■ **TRY IT**:
Print exactly the lines below between the line containing "菰野町の大自然で、ジップライ" and the line containing "stelaż, czarny blat.", counting both of those lines. Leave pictures out.

Segment Start: SOURCE MATERIAL

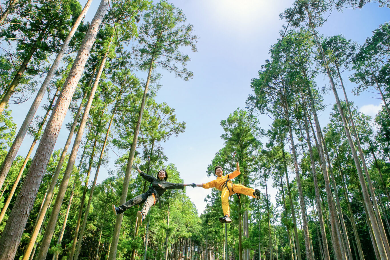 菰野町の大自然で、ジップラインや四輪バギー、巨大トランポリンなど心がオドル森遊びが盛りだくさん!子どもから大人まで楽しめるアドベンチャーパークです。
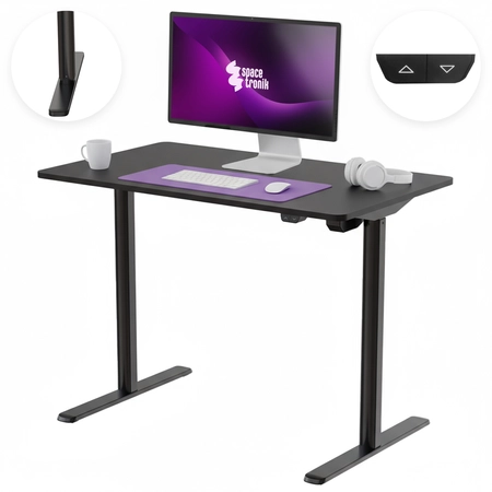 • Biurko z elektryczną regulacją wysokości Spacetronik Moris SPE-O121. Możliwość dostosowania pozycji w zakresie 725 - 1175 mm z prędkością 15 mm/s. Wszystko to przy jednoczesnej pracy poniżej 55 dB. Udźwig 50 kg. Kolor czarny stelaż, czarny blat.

Segment End: SOURCE MATERIAL
Segment Start: SOURCE MATERIAL

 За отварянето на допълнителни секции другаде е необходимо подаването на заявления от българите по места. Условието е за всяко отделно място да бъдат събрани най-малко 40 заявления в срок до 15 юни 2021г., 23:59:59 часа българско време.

Segment End: SOURCE MATERIAL
Segment Start: SOURCE MATERIAL

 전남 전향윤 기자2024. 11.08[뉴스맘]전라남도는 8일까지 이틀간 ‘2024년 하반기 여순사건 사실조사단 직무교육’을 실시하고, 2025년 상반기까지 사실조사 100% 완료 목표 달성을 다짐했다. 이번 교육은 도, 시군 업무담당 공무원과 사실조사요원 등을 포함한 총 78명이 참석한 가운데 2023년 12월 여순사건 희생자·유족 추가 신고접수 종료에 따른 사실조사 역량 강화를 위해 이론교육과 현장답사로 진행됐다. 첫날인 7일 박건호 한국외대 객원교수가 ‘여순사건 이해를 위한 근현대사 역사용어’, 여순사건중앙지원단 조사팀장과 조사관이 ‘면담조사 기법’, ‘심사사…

Segment End: SOURCE MATERIAL

■ **SOLUTION**:
 菰野町の大自然で、ジップラインや四輪バギー、巨大トランポリンなど心がオドル森遊びが盛りだくさん!子どもから大人まで楽しめるアドベンチャーパークです。
 • Biurko z elektryczną regulacją wysokości Spacetronik Moris SPE-O121. Możliwość dostosowania pozycji w zakresie 725 - 1175 mm z prędkością 15 mm/s. Wszystko to przy jednoczesnej pracy poniżej 55 dB. Udźwig 50 kg. Kolor czarny stelaż, czarny blat.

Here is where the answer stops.